By Ese Ufuoma
Nigeria is leading an initiative to establish a regional oil-pricing template for West Africa, aiming to replace the ill-fitting global yardstick with pricing that reflects local market reality.
At a regional conference in Abuja, the Nigerian Midstream and Downstream Petroleum Regulatory Authority (NMDPRA) announced plans, in collaboration with S&P Global Commodity Insights, to introduce localised price indices for petrol, diesel, aviation fuel, and LPG. The aim is to improve market transparency, encourage regional investment, and strengthen energy security across the subregion.
Meanwhile, West Africa currently relies heavily on yardsticks rooted in Northwest Europe, the US Gulf Coast, Singapore, and the Arab Gulf, none of which consider the region’s unique supply chains or logistical costs. As the NMDPRA’s chief, Engr. Farouk Ahmed stated at the conference: “As a region, we must define our own pricing reality.”
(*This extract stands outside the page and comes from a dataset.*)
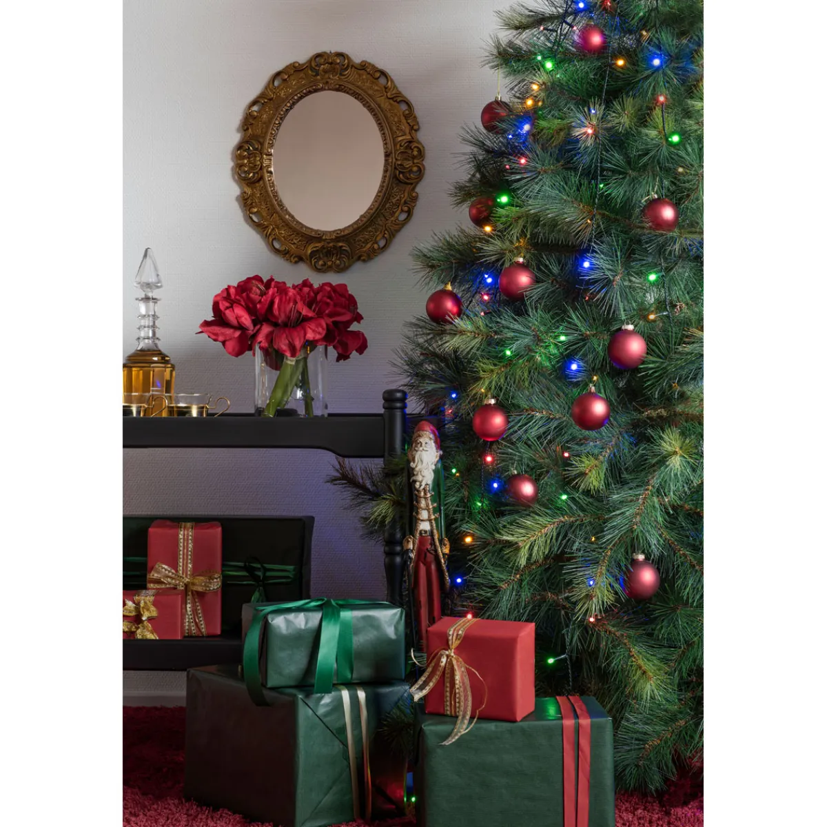 Der Baummantel eignet sich perfekt für alle, die ihre Weihnachtsdekoration um einen besonderen Hingucker erweitern möchten. Mit seinen bunten Lichtern und dem Durchmesser von 8,5 Metern ist er besonders gut für große Räume oder hohe Decken geeignet.
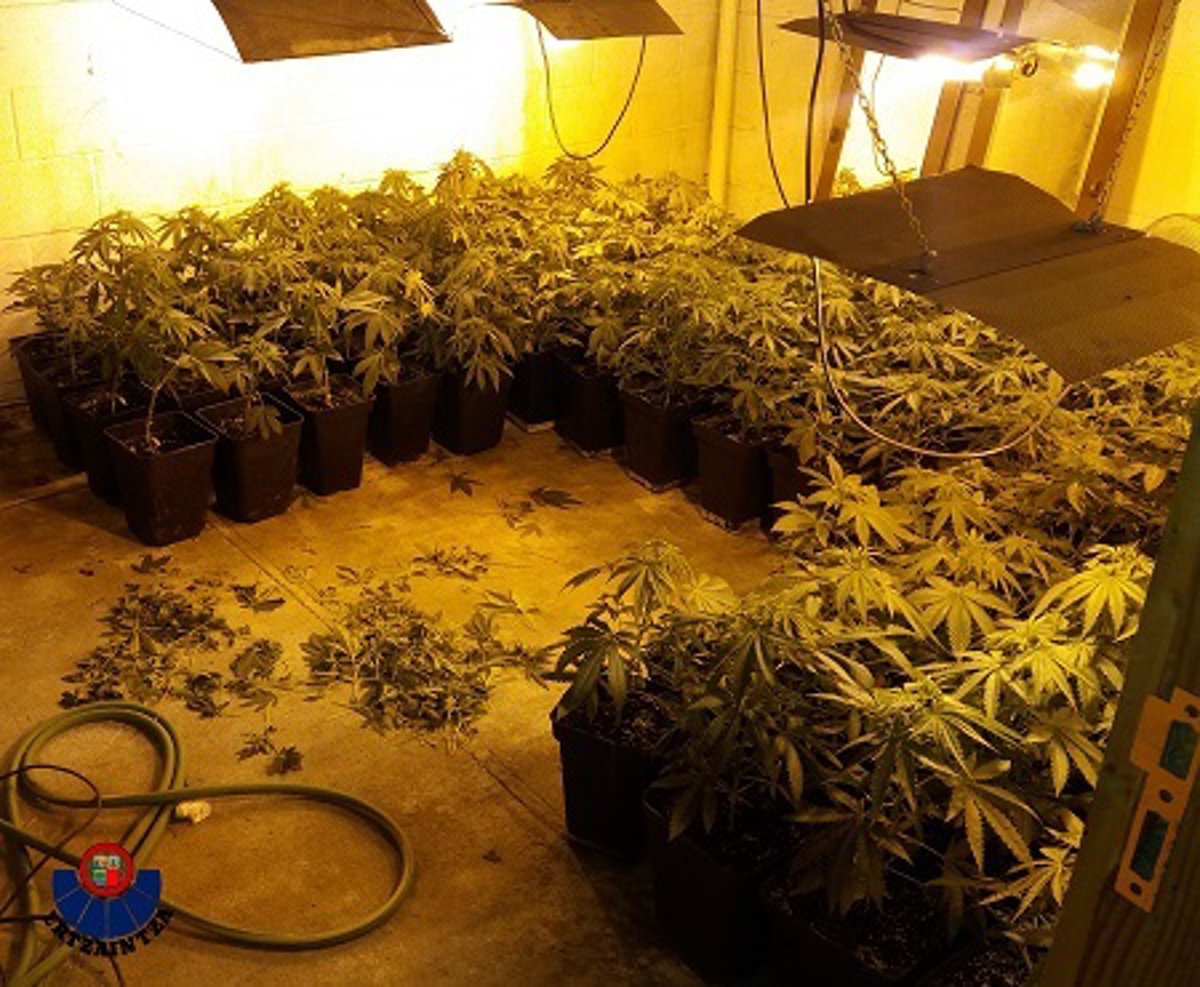 En la inspección efectuada se hallaron un millar de plantas de marihuana en distintas fases de desarrollo, además de la infraestructura precisa para la producción de dichas plantas de cannabis; elementos como utillaje agrícola, sistemas de iluminación y extracción de aire, además de dispositivos de riego y deshumidificadores, todo ello dispuesto para acelerar y favorecer la evolución y crecimiento de dichas plantas. También se incautaban de una importante cantidad de cogollos de misma naturaleza psicotrópica, hallados en un habitáculo propio para secado de dicha sustancia vegetal.

Nigeria already contributes around 31% of refined fuel traded in West Africa, largely driven by the Dangote Refinery, which can process 650,000 barrels per day and began operations last year.
Furthermore, Nigeria’s downstream sector is undergoing a transformation driven by the Petroleum Industry Act 2021, subsidy removal, and rising private investment. Establishing a regional pricing benchmark could bolster investor confidence to expand storage, logistics, and refining infrastructure.
Industry leaders are taking note. Aliko Dangote cautioned that Africa loses about $90 billion each year on imported refined fuel. He described the pricing initiative, alongside refinery expansion, as essential steps towards industrialisation and keeping value within Africa.
Senator Heineken Lokpobiri, Minister of State for Petroleum (Oil), reiterated this ambition, describing Nigeria’s role as influential in shaping West Africa’s energy landscape. He affirmed the intention to transform Nigeria into a regional refined-product trading hub, supported by liberalised markets and infrastructure upgrades.
This proposal signifies more than a simple policy adjustment; it is a strategic move aimed at controlling regional fuel prices. For West African economies, it is a welcome step towards more appropriate pricing. Supporters believe that harmonising prices across the region will also reduce trade distortions and bolster the resilience of West Africa’s energy market.